-- Exercise data follows --
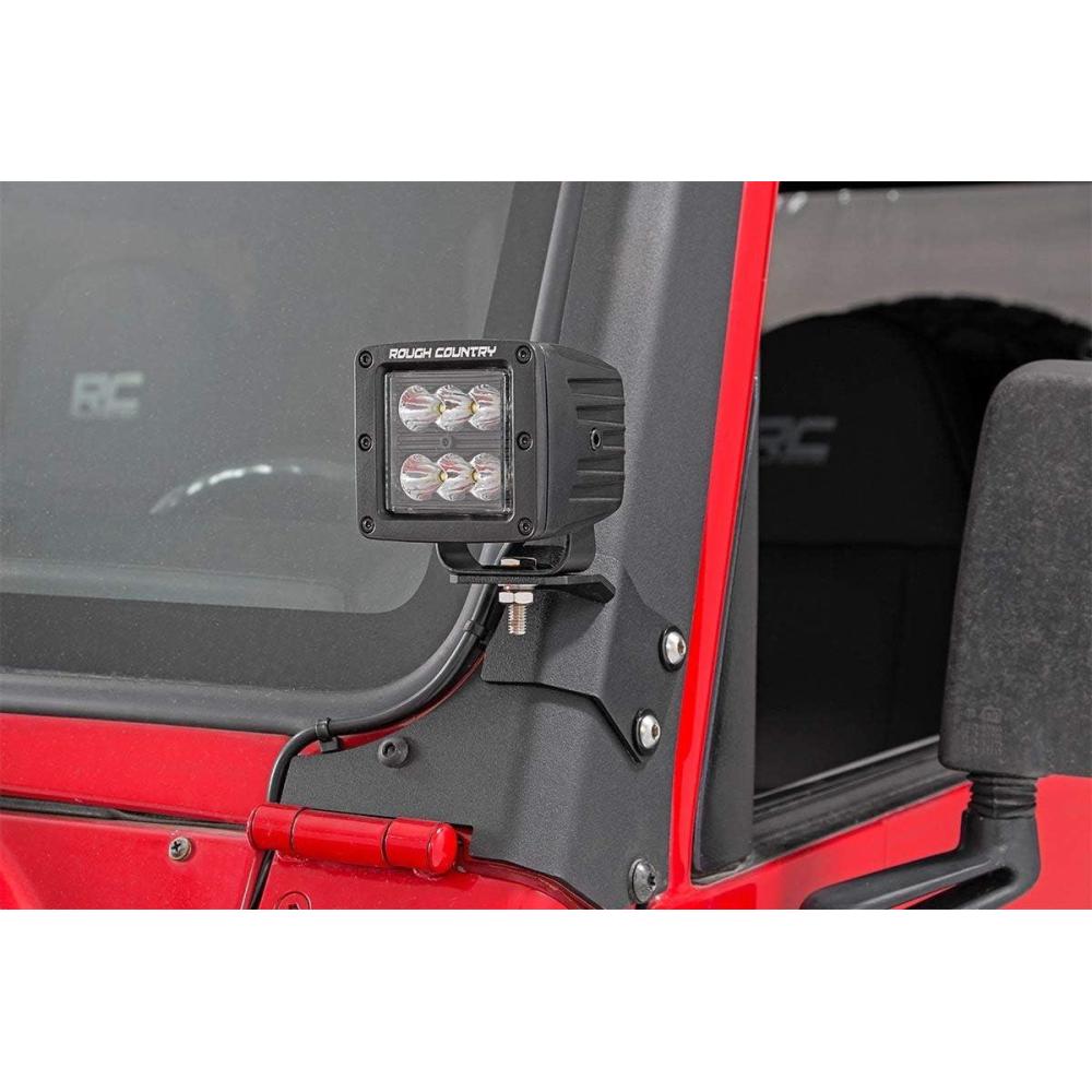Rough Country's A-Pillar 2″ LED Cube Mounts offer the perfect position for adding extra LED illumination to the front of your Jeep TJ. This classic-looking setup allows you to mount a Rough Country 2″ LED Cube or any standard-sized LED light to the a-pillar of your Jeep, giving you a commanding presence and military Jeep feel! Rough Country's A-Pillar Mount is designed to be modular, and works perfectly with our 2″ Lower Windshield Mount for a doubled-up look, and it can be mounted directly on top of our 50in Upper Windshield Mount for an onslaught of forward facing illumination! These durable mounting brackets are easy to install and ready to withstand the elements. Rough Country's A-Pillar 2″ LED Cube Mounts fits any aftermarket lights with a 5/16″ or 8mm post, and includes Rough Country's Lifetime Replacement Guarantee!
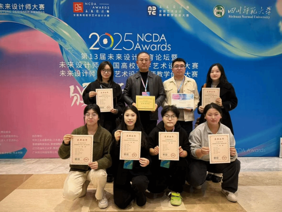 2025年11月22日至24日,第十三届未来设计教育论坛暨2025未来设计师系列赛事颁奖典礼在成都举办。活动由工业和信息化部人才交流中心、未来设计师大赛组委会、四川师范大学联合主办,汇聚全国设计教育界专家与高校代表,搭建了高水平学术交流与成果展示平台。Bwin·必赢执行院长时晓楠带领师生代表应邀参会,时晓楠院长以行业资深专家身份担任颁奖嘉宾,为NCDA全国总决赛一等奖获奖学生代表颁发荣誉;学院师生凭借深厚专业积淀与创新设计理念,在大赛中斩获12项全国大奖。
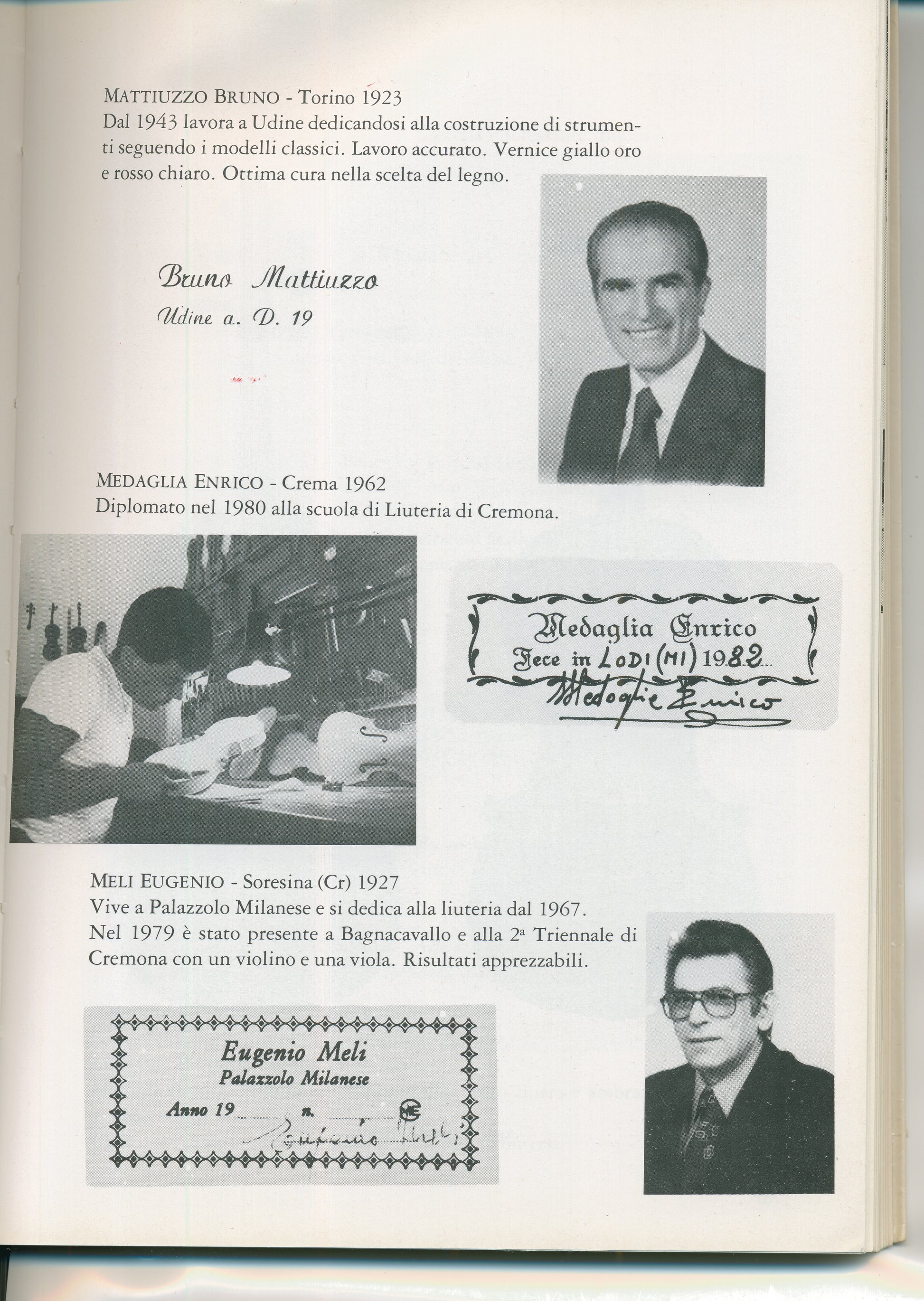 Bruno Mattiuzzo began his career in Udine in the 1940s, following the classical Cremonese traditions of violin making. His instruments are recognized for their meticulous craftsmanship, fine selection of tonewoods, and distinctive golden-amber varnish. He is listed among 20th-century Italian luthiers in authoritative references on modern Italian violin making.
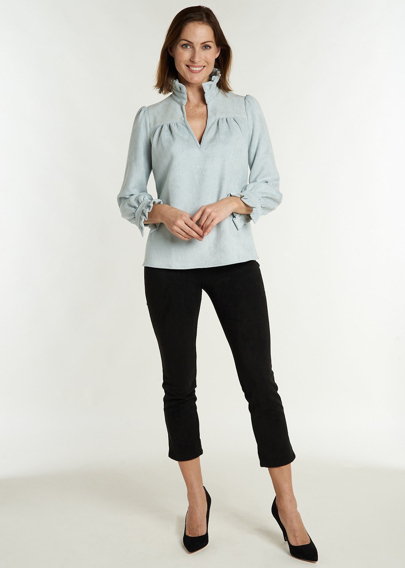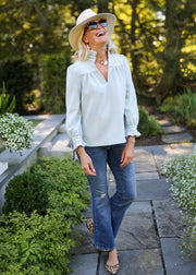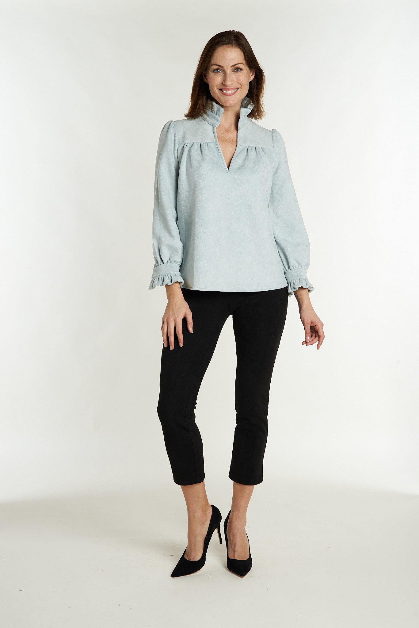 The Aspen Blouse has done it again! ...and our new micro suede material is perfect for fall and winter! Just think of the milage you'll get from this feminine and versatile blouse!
-- Exercise data concluded --
* **Your objective**
Your task is to quote exactly the lines from the one with "2025年11月22日至24" through the end of the material, both included, without reproducing any pictures.

* **Written response**
 2025年11月22日至24日,第十三届未来设计教育论坛暨2025未来设计师系列赛事颁奖典礼在成都举办。活动由工业和信息化部人才交流中心、未来设计师大赛组委会、四川师范大学联合主办,汇聚全国设计教育界专家与高校代表,搭建了高水平学术交流与成果展示平台。Bwin·必赢执行院长时晓楠带领师生代表应邀参会,时晓楠院长以行业资深专家身份担任颁奖嘉宾,为NCDA全国总决赛一等奖获奖学生代表颁发荣誉;学院师生凭借深厚专业积淀与创新设计理念,在大赛中斩获12项全国大奖。
 Bruno Mattiuzzo began his career in Udine in the 1940s, following the classical Cremonese traditions of violin making. His instruments are recognized for their meticulous craftsmanship, fine selection of tonewoods, and distinctive golden-amber varnish. He is listed among 20th-century Italian luthiers in authoritative references on modern Italian violin making.
 The Aspen Blouse has done it again! ...and our new micro suede material is perfect for fall and winter! Just think of the milage you'll get from this feminine and versatile blouse!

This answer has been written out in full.